-- INSTRUCTIONS FOR THE TASK --
Below is a listing; repeat exactly the lines from the one containing "Ring Opal Diamond Three Flowers Female Ring" to the one containing "2) PRÉSENT JOURNÉE", both included.

-- SUPPLIED DATA --
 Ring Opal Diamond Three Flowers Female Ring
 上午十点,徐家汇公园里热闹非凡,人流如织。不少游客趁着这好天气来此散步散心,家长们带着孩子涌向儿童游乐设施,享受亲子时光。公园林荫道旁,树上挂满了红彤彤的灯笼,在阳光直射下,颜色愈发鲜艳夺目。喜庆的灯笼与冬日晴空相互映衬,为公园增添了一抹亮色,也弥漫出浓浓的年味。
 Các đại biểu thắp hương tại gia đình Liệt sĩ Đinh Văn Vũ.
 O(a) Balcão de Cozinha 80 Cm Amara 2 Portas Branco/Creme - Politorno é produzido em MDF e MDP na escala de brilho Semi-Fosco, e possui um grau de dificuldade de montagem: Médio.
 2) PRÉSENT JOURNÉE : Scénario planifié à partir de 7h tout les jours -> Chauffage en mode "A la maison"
--
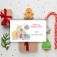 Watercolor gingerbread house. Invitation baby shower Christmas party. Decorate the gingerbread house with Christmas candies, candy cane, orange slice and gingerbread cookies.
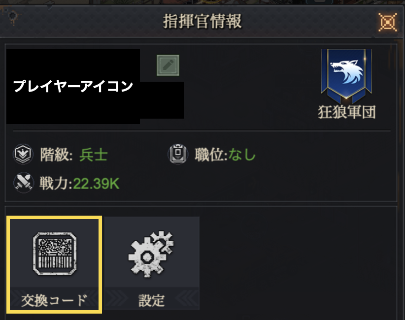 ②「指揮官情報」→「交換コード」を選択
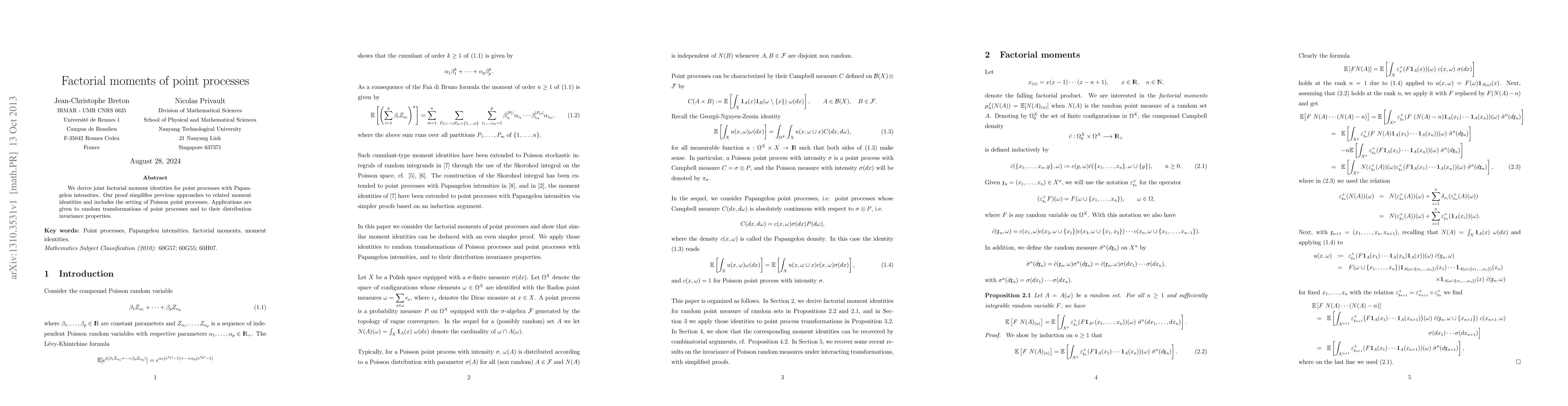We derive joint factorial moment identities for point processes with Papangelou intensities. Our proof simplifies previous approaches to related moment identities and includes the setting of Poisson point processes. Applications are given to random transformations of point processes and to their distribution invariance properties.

-- SOLUTION TO THIS TASK --
 Ring Opal Diamond Three Flowers Female Ring
 上午十点,徐家汇公园里热闹非凡,人流如织。不少游客趁着这好天气来此散步散心,家长们带着孩子涌向儿童游乐设施,享受亲子时光。公园林荫道旁,树上挂满了红彤彤的灯笼,在阳光直射下,颜色愈发鲜艳夺目。喜庆的灯笼与冬日晴空相互映衬,为公园增添了一抹亮色,也弥漫出浓浓的年味。
 Các đại biểu thắp hương tại gia đình Liệt sĩ Đinh Văn Vũ.
 O(a) Balcão de Cozinha 80 Cm Amara 2 Portas Branco/Creme - Politorno é produzido em MDF e MDP na escala de brilho Semi-Fosco, e possui um grau de dificuldade de montagem: Médio.
 2) PRÉSENT JOURNÉE : Scénario planifié à partir de 7h tout les jours -> Chauffage en mode "A la maison"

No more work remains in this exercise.